§ Task to complete: From the records that follow, return exactly the lines beginning at the one that contains "The MPQ2211-AEC1 operates from" and ending at the one that contains "合わせやすいボーダー柄。素材", pictures left out.
━━━━━━━━━━━━━━━━━━━━
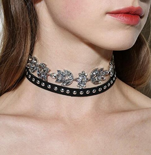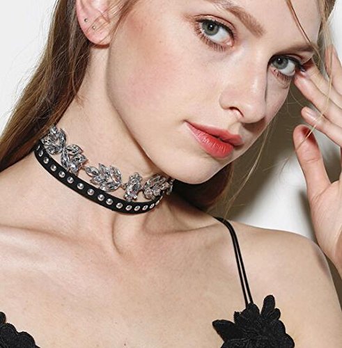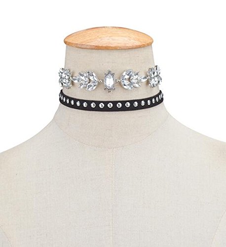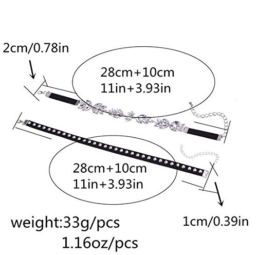 Venusvi Fashion Black Rhinestone Choker Necklace for Girls and Women, (pack by 2)
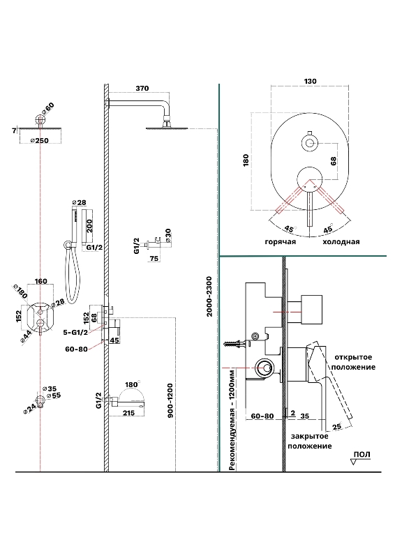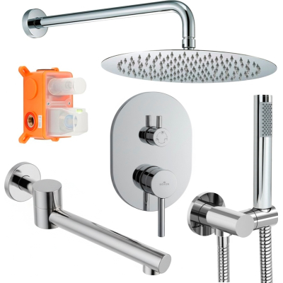 В комплекте: смеситель, встраиваемая часть, излив, верхний душ, кронштейн для верхнего душа, лейка, держатель для лейки, душевой шланг. |
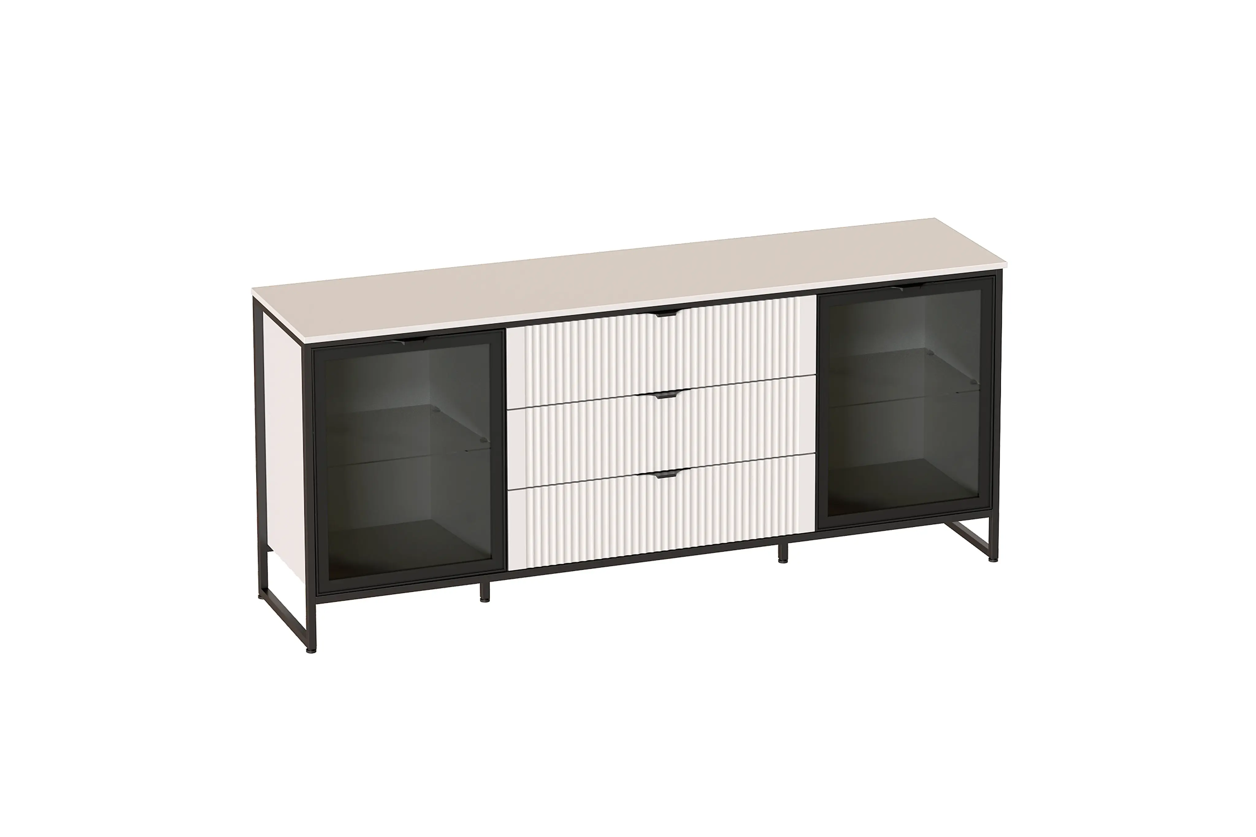 Коллекцию модульной гостиной "Нора" отличает современный оригинальный стиль. Декоративная продольная фрезеровка на фасадах из МДФ и опоры на металлокаркасе цвета соответствуют модным тенденциям этого года в ведущих зарубежных коллекциях.
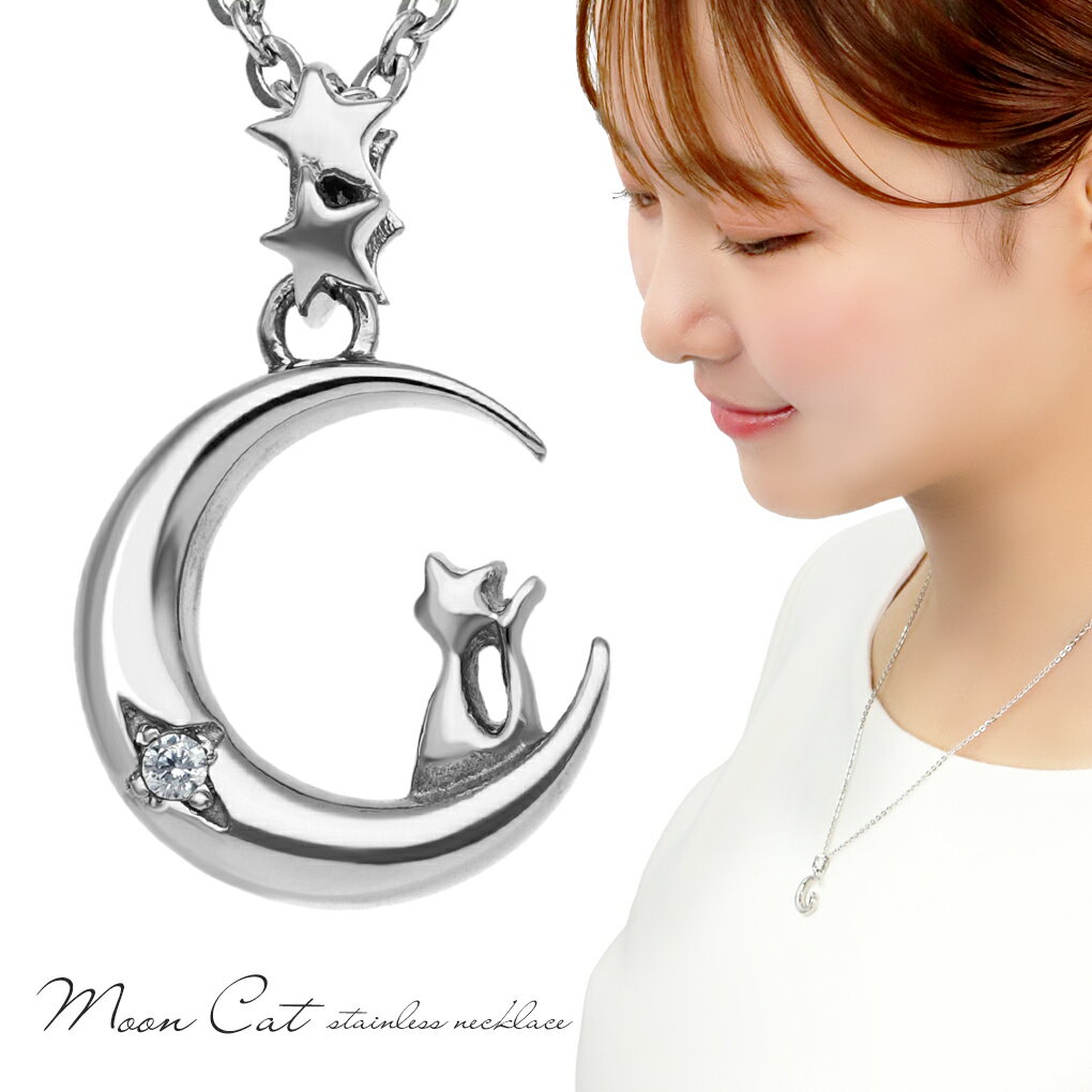 三日月 に佇む 猫 サージカルステンレス ネックレス ペンダント レディースネックレス 金属アレルギーフリー ステンレス ジルコニア ネコ 猫ネックレス 猫グッズ 猫好き 月ネックレス 星 かわいい 大人かわいい レディース 女性 彼女 娘 妻 クリスマス プレゼント 人気
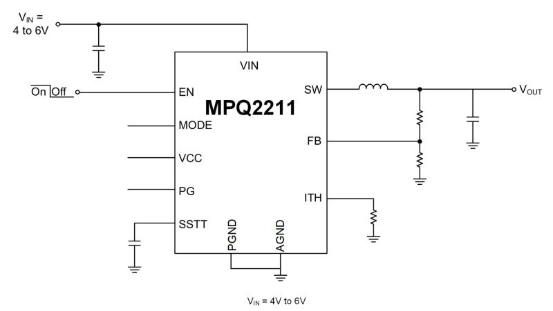The MPQ2211-AEC1 operates from a 3V to 3.6V and 4V to 6V input voltage (VIN) range. To support the 3V to 3.6V VIN range, connect VCC to VIN. The device offers a very compact solution to achieve up to 12A of output current (IOUT) across a wide VIN supply range, with excellent load and line regulation. The MPQ2211-AEC1 operates at high efficiency across a wide IOUT load range.
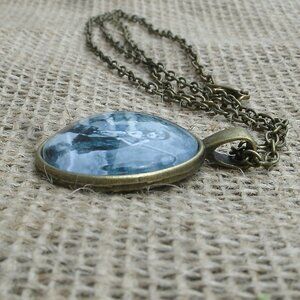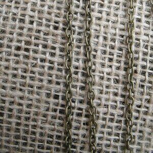 Les Miserables glass cabochon necklace. Bronze color metal. Clear glass cabochon over picture. Design is a sweeping girl from Les Miserables. Pendant is 1 inch in diameter, and 1 3/8 inches high with bail. It's on an 19 inch long chain. Textured design on backside. Brand new item from my local shop. For women or men. Great for anyone who likes unique jewelry and/or Les Miserables.
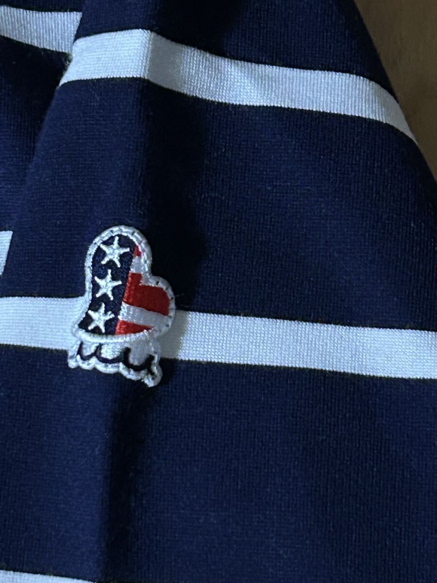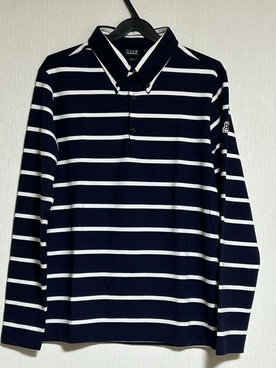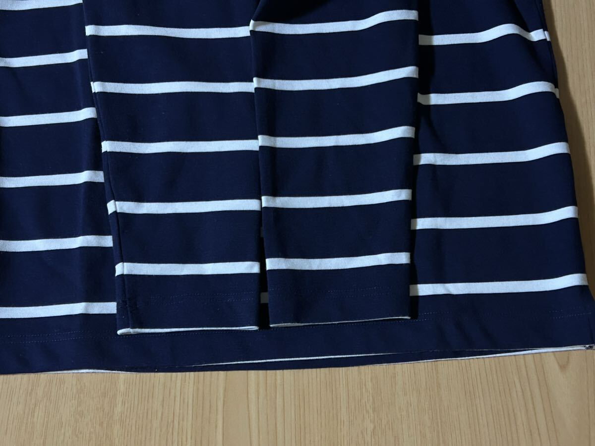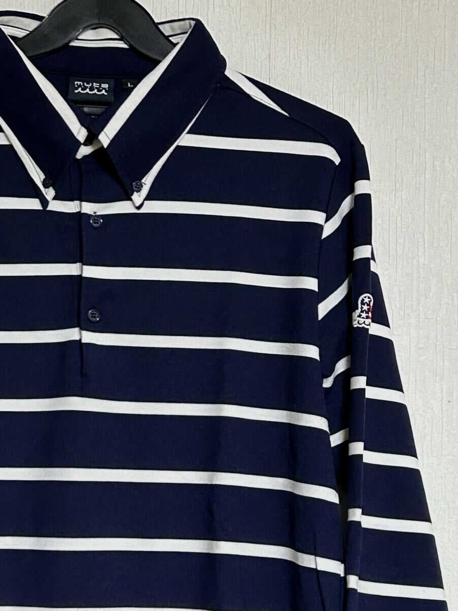合わせやすいボーダー柄。素材はレーヨンがメインで手触りが良くポリウレタンを含みますので伸縮性があります。ゴルフにはもちろん、普段の着用でもとてもオシャレです。
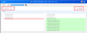 On the Bug details page, you can click view diff in the history record to view directly.
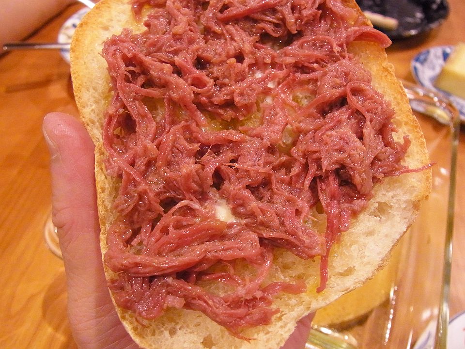 夜はそのパンを焼いてバターを塗り、そこに"neu frank"の、熱を加えて柔らかくしたコンビーフを広げる。それを左手に持ち、右手には赤ワインを満たしたグラスを持つ。溶けたバターがパンから左手にしたたり落ちる。右手は右手で忙しい。
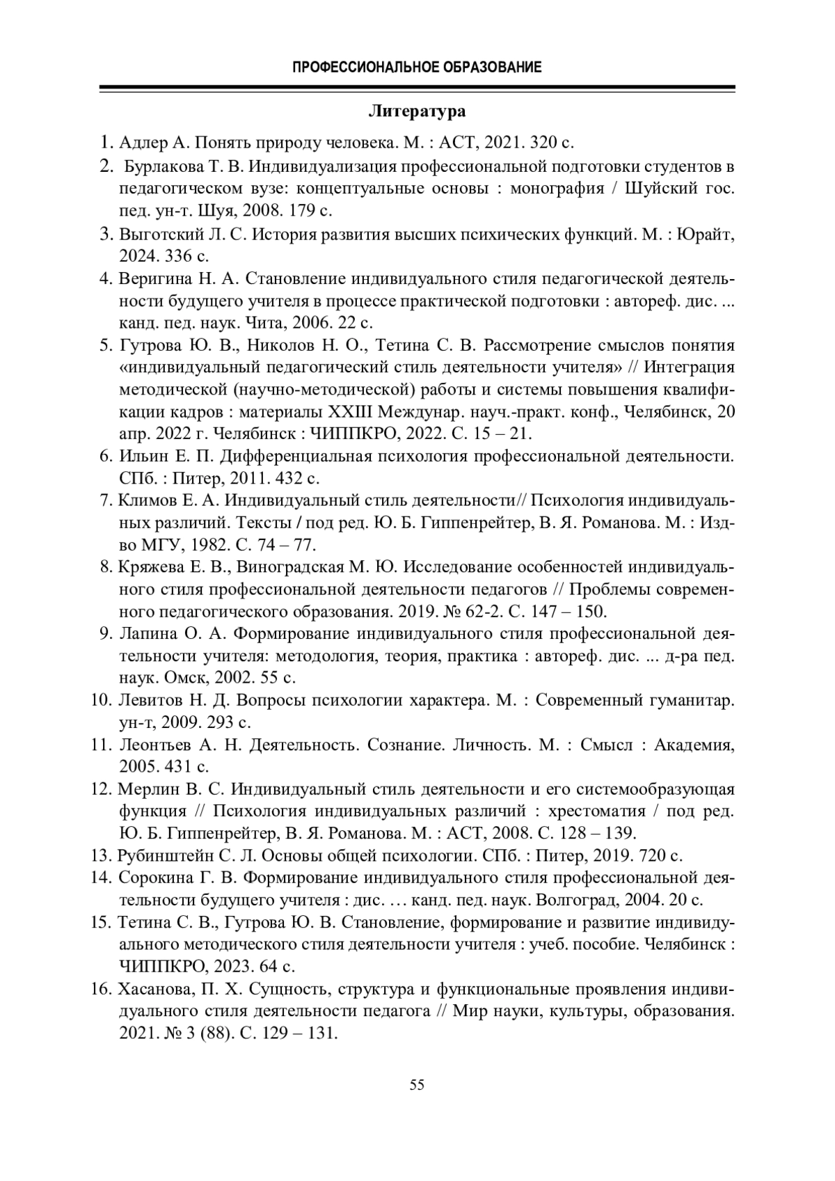 15. Тетина С. В., Гутрова Ю. В. Становление, формирование и развитие индивидуального методического стиля деятельности учителя : учеб. пособие. Челябинск : ЧИППКРО, 2023. 64 с.
━━━━━━━━━━━━━━━━━━━━
§ Written solution:
The MPQ2211-AEC1 operates from a 3V to 3.6V and 4V to 6V input voltage (VIN) range. To support the 3V to 3.6V VIN range, connect VCC to VIN. The device offers a very compact solution to achieve up to 12A of output current (IOUT) across a wide VIN supply range, with excellent load and line regulation. The MPQ2211-AEC1 operates at high efficiency across a wide IOUT load range.
 Les Miserables glass cabochon necklace. Bronze color metal. Clear glass cabochon over picture. Design is a sweeping girl from Les Miserables. Pendant is 1 inch in diameter, and 1 3/8 inches high with bail. It's on an 19 inch long chain. Textured design on backside. Brand new item from my local shop. For women or men. Great for anyone who likes unique jewelry and/or Les Miserables.
合わせやすいボーダー柄。素材はレーヨンがメインで手触りが良くポリウレタンを含みますので伸縮性があります。ゴルフにはもちろん、普段の着用でもとてもオシャレです。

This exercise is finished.